# Howdy all



## okcpl2007 (Oct 16, 2007)

Being new here I wanted to say "hello to all". This year is my first yard haunt in several years and from looking at all the stuff here on the site I am WAY BEHIND the curve.  But what I dont make this year I will be more than ready for next year. Great site and nice to meet all yall!


----------



## scareme (Aug 29, 2006)

Hi and welcome to the forum. We are all behind the curve, but that doesn't stop us. We have a couple here from OKC. Where are you from? Great bunch of people here.


----------



## okcpl2007 (Oct 16, 2007)

Thanks for the welcome Scareme. We are from the northeast corner of the state. Bout as close as you can get to Missouri without being in it.


----------



## spideranne (Jul 17, 2006)

Welcome!


----------



## HrdHeaded1 (Sep 20, 2007)

Howdy! Welcome to the forum.. Many of us are behind hehe in more ways than one.


----------



## Hauntiholik (May 17, 2006)

Welcome to the forum  You'll catch up soon enough!


----------



## Lagrousome (Apr 12, 2007)

Welcome!


----------



## ScareFX (Aug 18, 2004)

Welcome


----------



## Ghostess (Aug 21, 2005)

Welcome


----------



## Wyatt Furr (Jun 5, 2006)

Howdy and Welcome


----------



## cqedens137 (Sep 27, 2007)

welcome to the haunted craziness.

by the way so to tell you but you will never catch up.


----------



## Darkside (Aug 6, 2007)

Welcome


----------



## slimy (Jul 12, 2006)

I love it when we get Oklahoma on this board!!!!!!
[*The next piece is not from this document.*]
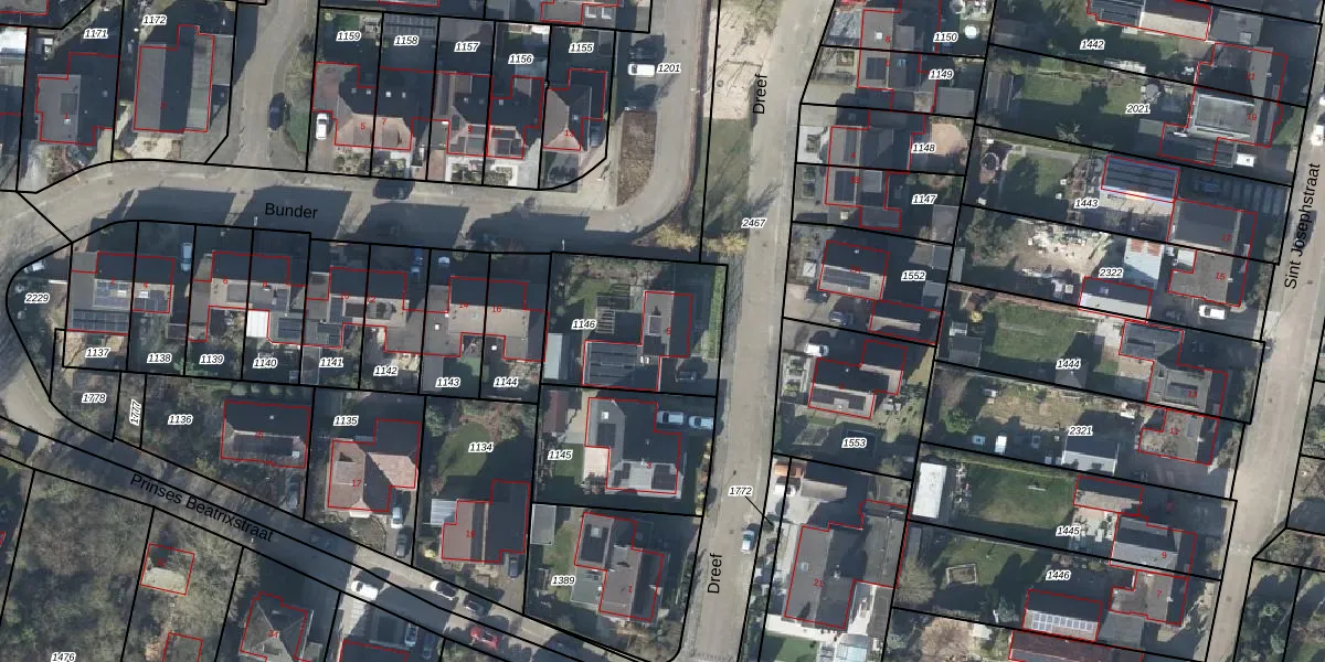 Het perceel waarop Dreef 5 staat heeft een oppervlakte van 535 m². Dit is een groot perceel. De perceeloppervlakte wordt geregistreerd door het Kadaster. Gedetailleerde informatie over de maten van dit perceel kunt u vinden in het rapport Kadastrale kaart met maatvoering van Dreef 5.

Welcome, this is a great place.

Oh, and I just stay behind the curve. It's better that way.


----------



## Moon Dog (Oct 3, 2006)

Welcome! Not to worry... with the great minds here, we'll have ya up to speed in no time flat!


----------



## pyro (Oct 7, 2006)

hell o &welcome


----------



## Lilly (Jun 13, 2006)

welcome to another oaky
hope you get a lot of ideas from here


----------